# submissions from mount?



## Adam S (May 6, 2009)

Hi,

I've been training MMA (mainly focussed on ground work - submission grappling) for about 3 months. In our sparring sessions we don't use strikes yet as most of us are pretty new to training. I often find myself pulling guard as I know lots more submissions from there than mount, but due to the fact i'm pretty light if someone gets passed my guard and puts all their weight on me it takes most of the round to work back to a decent position. Basically wondered if anyone knows any decent subs from mount so I can be more effective when I get it? any thing other than armbar and gogoplata from mount...?

Thanks


----------



## danbar (Apr 14, 2009)

from mount you can achieve a wrist lock, knee on sternum and pull head up. forearm choke. Strangle him (jokes) erm.... can't remember any more


----------



## tam (Jun 7, 2008)

From mount i like armbar, kimura, guillotine and last class i tried a triangle. I got it in but didnt get a tap coz he got out but something maybe worth trying.


----------



## Adam S (May 6, 2009)

cheers for the response. What kind of wristlock were you thinking? the one I know figure four (aka key lock, americana) we've only really been shown in side mount...but i suppose you could pull it off from mount but might leave you pretty open to a sweep

Is there a particular/effective way of pulling off the forearm choke? people go for them all the time at my club but never seen anyone tap to one as is too easy to sit it out or escape

thanks again


----------



## Adam S (May 6, 2009)

Tam if possible could you explain how you finish off a kimura from mount? do you have to spin to the side of them once you have it on?

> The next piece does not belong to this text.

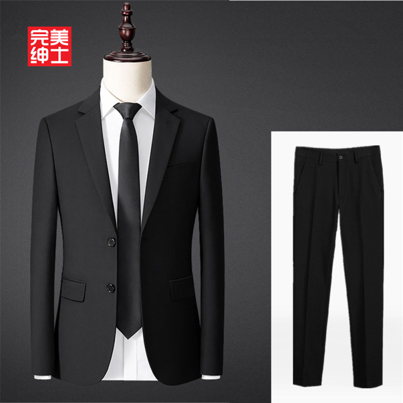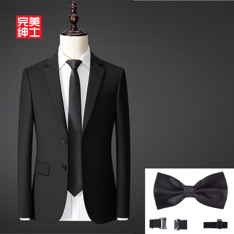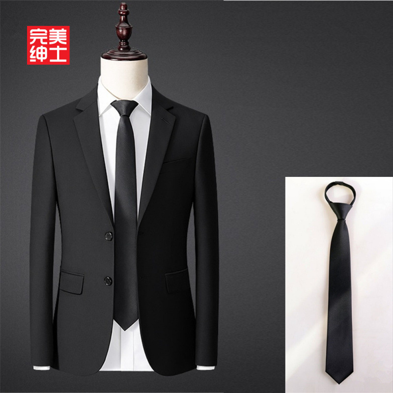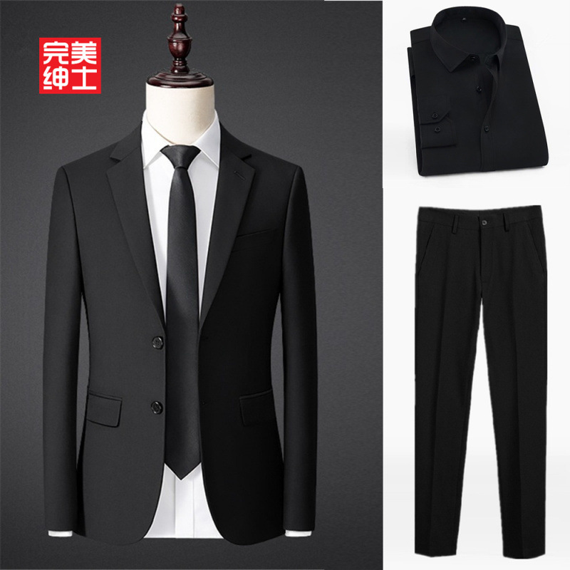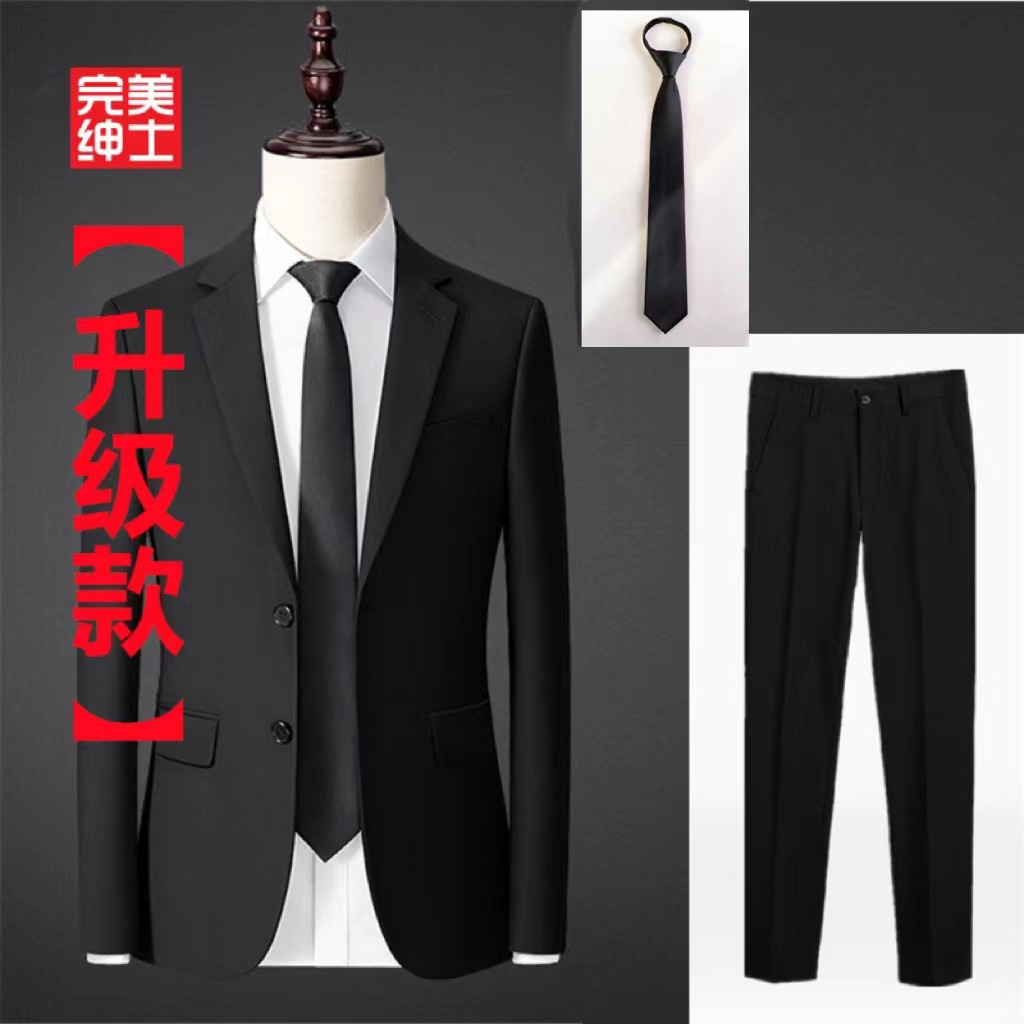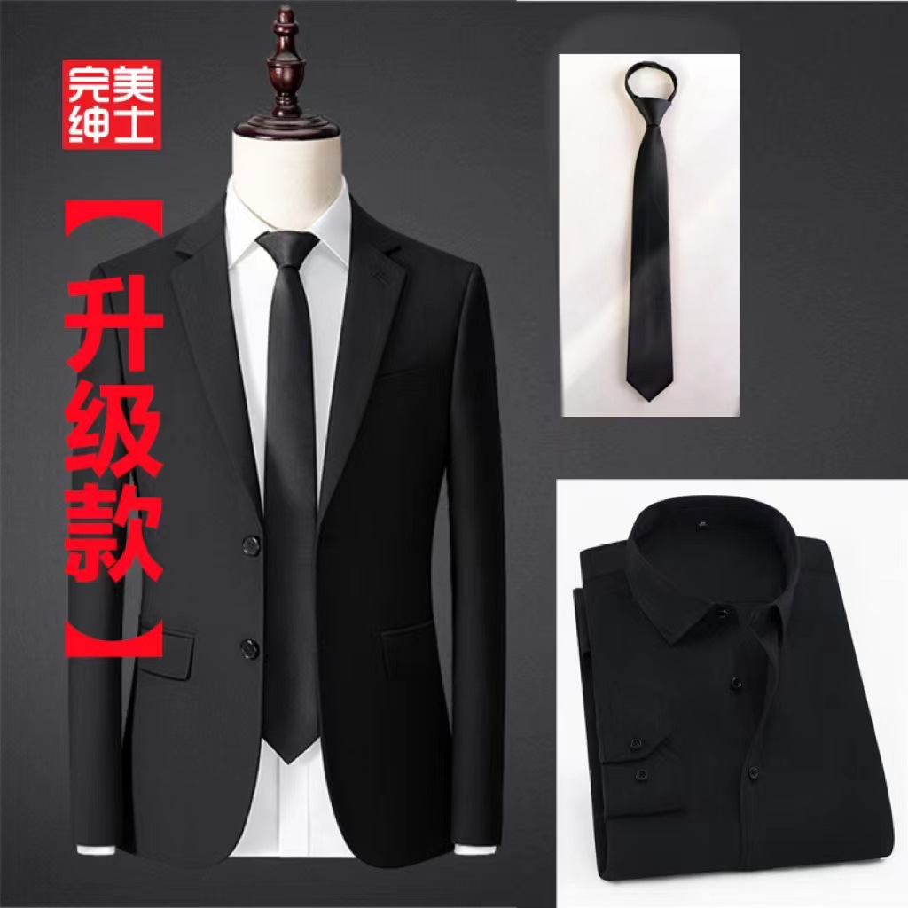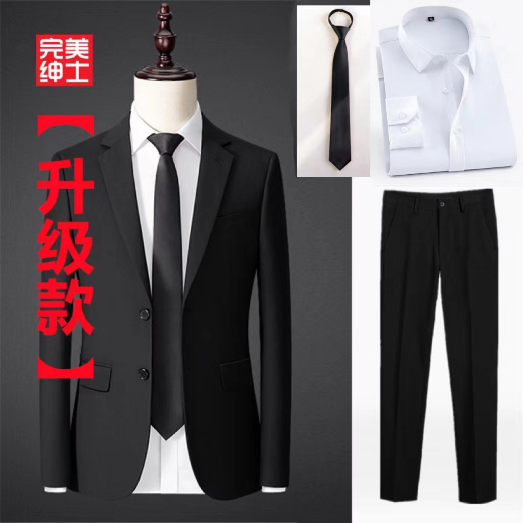 [Обновленная модель] (комплект из 3 предметов + галстук) черный костюм + белая рубашка + черные брюки + галстук

also how do you set up your triangle from mount? I've tried it before but it was very messy!

cheers


----------



## tam (Jun 7, 2008)

Adam S said:


> Tam if possible could you explain how you finish off a kimura from mount?
> 
> also how do you set up your triangle from mount?


Kimura, what i do is set it up from mount and then move to side control to finish it. So get your arms in the right place in mount then use that as a distraction to get to side control and then finish.

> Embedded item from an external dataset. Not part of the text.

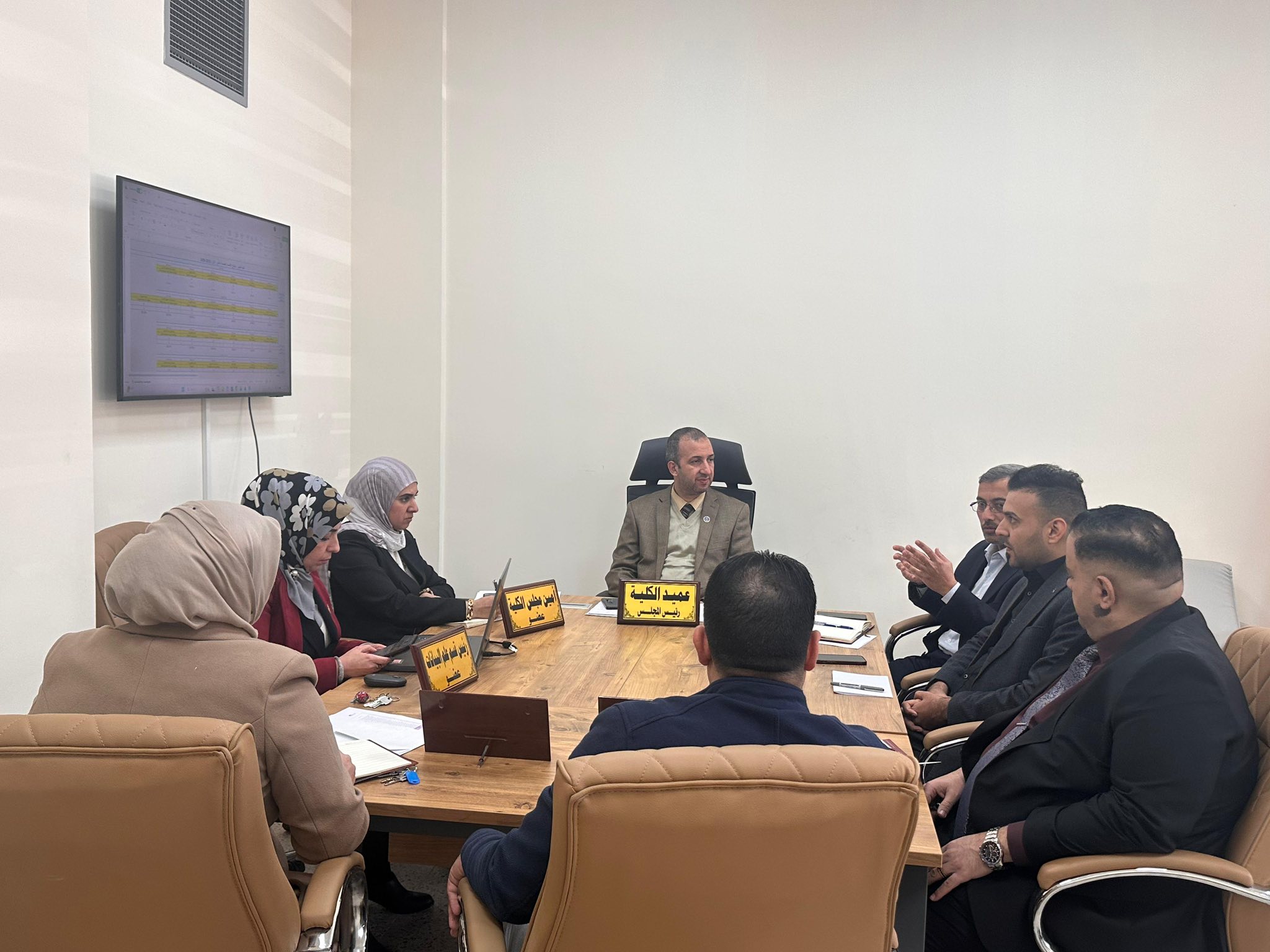 وشهدت الجلسة استعراض نتائج المرحلة الأولى، حيث جرت مناقشة تحليل النتائج وتوزيع الدرجات (Histogram) لمختلف المواد الدراسية، بهدف تقييم مستوى الأداء الأكاديمي للطلبة والوقوف على المؤشرات التعليمية التي تسهم في تطوير العملية التعليمية داخل الكلية.

Triangle, i watched this video then tried it in class. The most important part i found was lifting the head as soon as you get your leg past their arm, as this causes a distraction so they cant think about what you are doing with your leg.


----------



## Adam S (May 6, 2009)

cheers for the advice,

will definately give them a try next week!


----------



## toxo (Mar 11, 2008)

you can get pretty much get any sub from mount. you should use the low mount if your going for subs really the high mount with your knee's up in his armpits is only really good for mma . i consider the high mount a sub. if someone gets a high mount on me in rolling becasue in a proper mma fighter your going to get pounded out.


----------



## theheft (Mar 10, 2009)

Armbars, keylocks, figure 4 armlocks, gogoplatas (my favourite but easy to counter...), triangles, neck cranks theres loads.

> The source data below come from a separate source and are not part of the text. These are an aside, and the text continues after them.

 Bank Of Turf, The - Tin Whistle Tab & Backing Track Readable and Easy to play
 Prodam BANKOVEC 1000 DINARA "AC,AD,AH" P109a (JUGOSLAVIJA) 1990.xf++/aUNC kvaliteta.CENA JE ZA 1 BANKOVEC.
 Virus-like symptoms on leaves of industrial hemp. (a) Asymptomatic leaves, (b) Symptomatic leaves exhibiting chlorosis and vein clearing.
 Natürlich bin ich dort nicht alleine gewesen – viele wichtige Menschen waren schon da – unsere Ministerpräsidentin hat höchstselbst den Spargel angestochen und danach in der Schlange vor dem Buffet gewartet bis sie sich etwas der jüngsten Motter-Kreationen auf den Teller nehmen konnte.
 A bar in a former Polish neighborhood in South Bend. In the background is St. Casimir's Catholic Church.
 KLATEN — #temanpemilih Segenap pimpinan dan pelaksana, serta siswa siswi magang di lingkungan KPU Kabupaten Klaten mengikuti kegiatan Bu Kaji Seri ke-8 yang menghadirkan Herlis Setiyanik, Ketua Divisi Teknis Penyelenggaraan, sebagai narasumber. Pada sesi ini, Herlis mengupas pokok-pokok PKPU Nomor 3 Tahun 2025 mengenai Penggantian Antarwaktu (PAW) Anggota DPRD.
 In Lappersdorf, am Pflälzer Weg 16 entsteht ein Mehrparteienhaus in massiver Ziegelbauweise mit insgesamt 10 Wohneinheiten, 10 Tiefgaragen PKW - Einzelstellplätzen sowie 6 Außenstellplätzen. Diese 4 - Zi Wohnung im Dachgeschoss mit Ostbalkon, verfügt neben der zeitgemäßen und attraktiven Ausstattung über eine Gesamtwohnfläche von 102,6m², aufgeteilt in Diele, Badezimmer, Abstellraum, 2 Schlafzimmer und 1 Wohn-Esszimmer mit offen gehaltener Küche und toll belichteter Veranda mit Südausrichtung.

I prefer to fight from inside my guard as well, I can control the other guy a lot easier than when im on top, however you score points from getting into mount in sub grap comps and getting into mount in MMA usually means your going to score a TKO.

We were practicing defending the mount last night actually, first just defending sub attepts and trying to get the guy off, then with the guy striking as well...Striking turns it into a totally different ball game, as you would expect, its a horrible position to be in to say the least.


----------



## Adam S (May 6, 2009)

Thanks for all the responses/advice

also found knuckle choke (no-gi version of ezekiel i think)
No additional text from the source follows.